Ia meraih sebuah amplop coklat besar dari atas tumpukan kertas dan amplop yang meninggi di permukaan meja, lalu kembali ke sofa. Sedangkan Lea mengibaskan kepala ke kanan dan ke kiri. Menolak, mengatakan ‘tidak perlu’ dalam suara pelan yang parau.
“Ini,” Eiji meletakkan sebuah foto tua yang telah usang dan robek di ujung kanan bawahnya di atas meja di depan Lea, dan mendorongnya maju agar Lea bisa melihat lebih dekat. “adalah Hideaki Hiroi, dan istrinya Maura. Ayah dan ibu biologis kamu.”
Mau tak mau, mata Lea menghampiri foto tersebut, dan menemukan seorang laki-laki Jepang—tapi tidak terlihat seperti orang Jepang kebanyakan, duduk bersanding dengan seorang perempuan cantik berambut ikal duduk di atas pasir putih berlatar belakang pohon palem dan pantai berair biru.
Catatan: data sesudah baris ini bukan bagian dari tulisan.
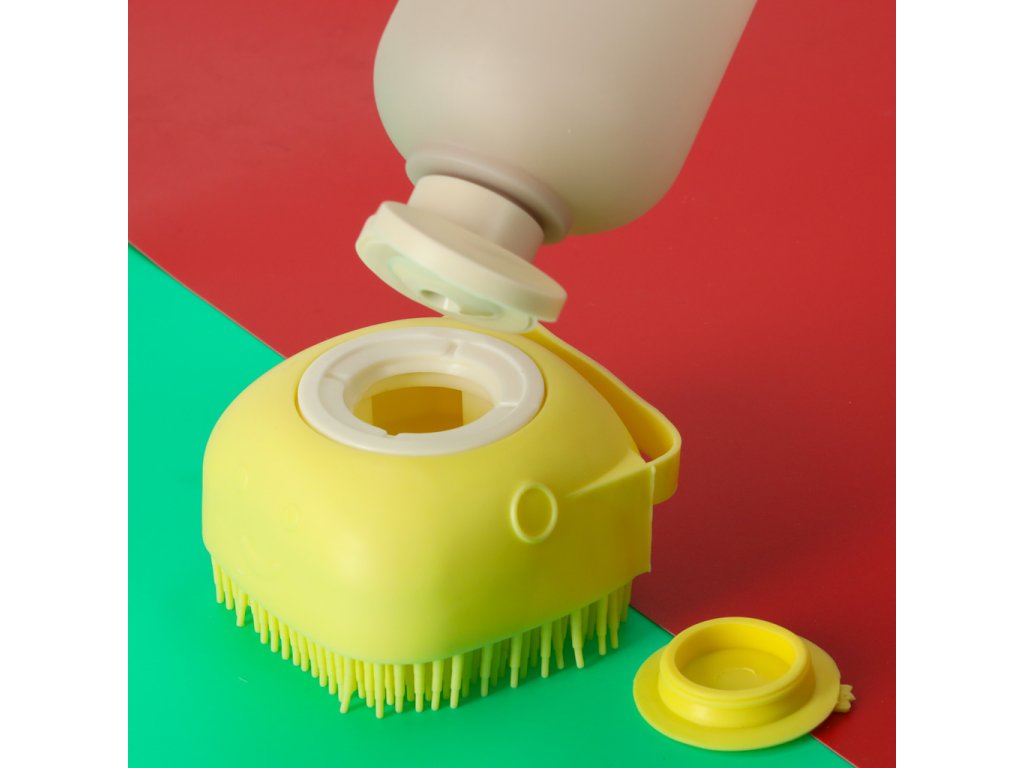 Silikonový kartáč s dávkovačem šamponu na mytí domácích zvířat.

Keduanya tersenyum; kelihatan bahagia.
Si laki-laki, mengenakan kemeja pantai biru muda dengan corak bunga-bunga, memiliki senyum lebar yang ramah dan—Lea terkesima—mata kelabu cerah. Rambutnya amat lurus, hitam mengilap, kontras dengan perempuan di sebelahnya, yang berambut ikal, berwarna coklat kemerahan—Lea, meraih ujung rambutnya sendiri. Wajah Hideaki, tidak bisa dibilang tampan, tidak bisa juga dibilang jelek. Ada sesuatu di antara senyum dan matanya yang membuat dirinya tidak terlihat membosankan. Kulitnya kuning cerah, sementara Maura, kecoklatan seperti terbakar matahari.
“Ayah kamu meninggal dalam kecelakaan saat mengantar ibu kamu ke rumah sakit untuk melahirkan.” Eiji duduk lagi di sofa di seberang Lea. “Usia kandungannya waktu itu baru tujuh bulan.”
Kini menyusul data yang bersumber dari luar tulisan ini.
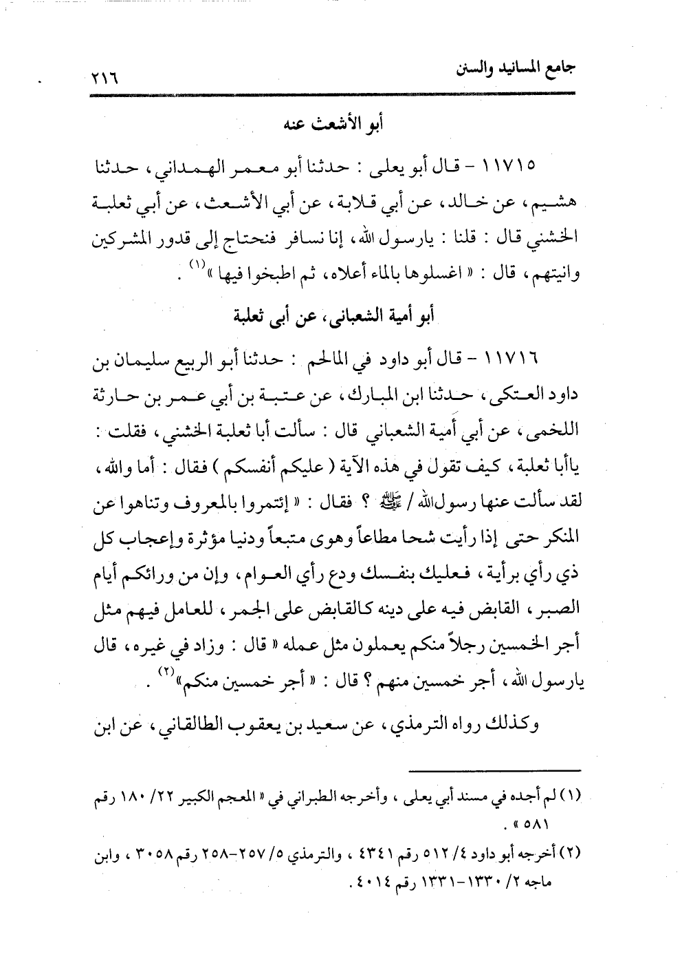 11715 - قال أبو يعلى: حدثنا أبو معمر الهمدانى، حدثنا هشيم، عن خالد، عن أبى قلابة، عن أبى الأشعث، عن أبى ثعلبة الخشنى قال: قلنا: يا رسول الله، إنا نسافر فنحتاج إلى قدور المشركين وآنيتهم، قال: «أغسلوها بالماء أعلاه، ثم أطبخوا فيها» (¬1) .

Jari Lea pelan menyentuh foto di atas meja. Ingin meraihnya, memerhatikan saksama wajah-wajah asing yang dibilang Eiji adalah ayah dan ibu kandungnya, namun ia ragu. Masih tak percaya, kalau ada dua orang lagi yang disebut sebagai orang tuanya selain papa mama yang selama ini membesarkannya dengan penuh cinta dan kasih sayang sampai ajal keduanya tiba. Tapi…, mata Hideaki, dan rambut ikal Maura, meruntuhkan pendiriannya. Sedikit banyak, ia melihat dirinya sendiri pada keduanya. Benar-benar melihatnya.
“Ayah kamu berusaha menghindari mobil lain yang mendadak melintas di depan mobilnya. Sehingga menabrak pohon dan… membuatnya tewas seketika. Ibu kamu kritis, namun ia bertahan, sampai akhirnya kamu berhasil diangkat dari kandungannya.”
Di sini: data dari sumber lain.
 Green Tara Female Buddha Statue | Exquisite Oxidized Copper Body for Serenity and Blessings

Lea menyeka air mata yang kembali meluncur ke pipi dan mengambil foto tersebut dari meja. Mendadak saja, ia merasa kesepian. Dan juga merindukan kedua orang di dalam foto tersebut.
“Polisi, tidak menemukan identitas apa pun saat itu, jadi tidak ada yang tahu siapa nama mereka. Tidak ada keluarga yang bisa dihubungi, sehingga kasus kecelakaan tersebut tak dilanjutkan.”
“Dimana mereka dikuburkan?” Lea memandang Eiji penuh harap.
“Mereka tidak dikubur, tapi dikremasi.” Eiji membungkukkan badan, mencakupkan kedua tangan dan menopangkan dagu. “Abu mereka dibuang ke laut.”
Informasi itu membuat Lea merasa amat merana.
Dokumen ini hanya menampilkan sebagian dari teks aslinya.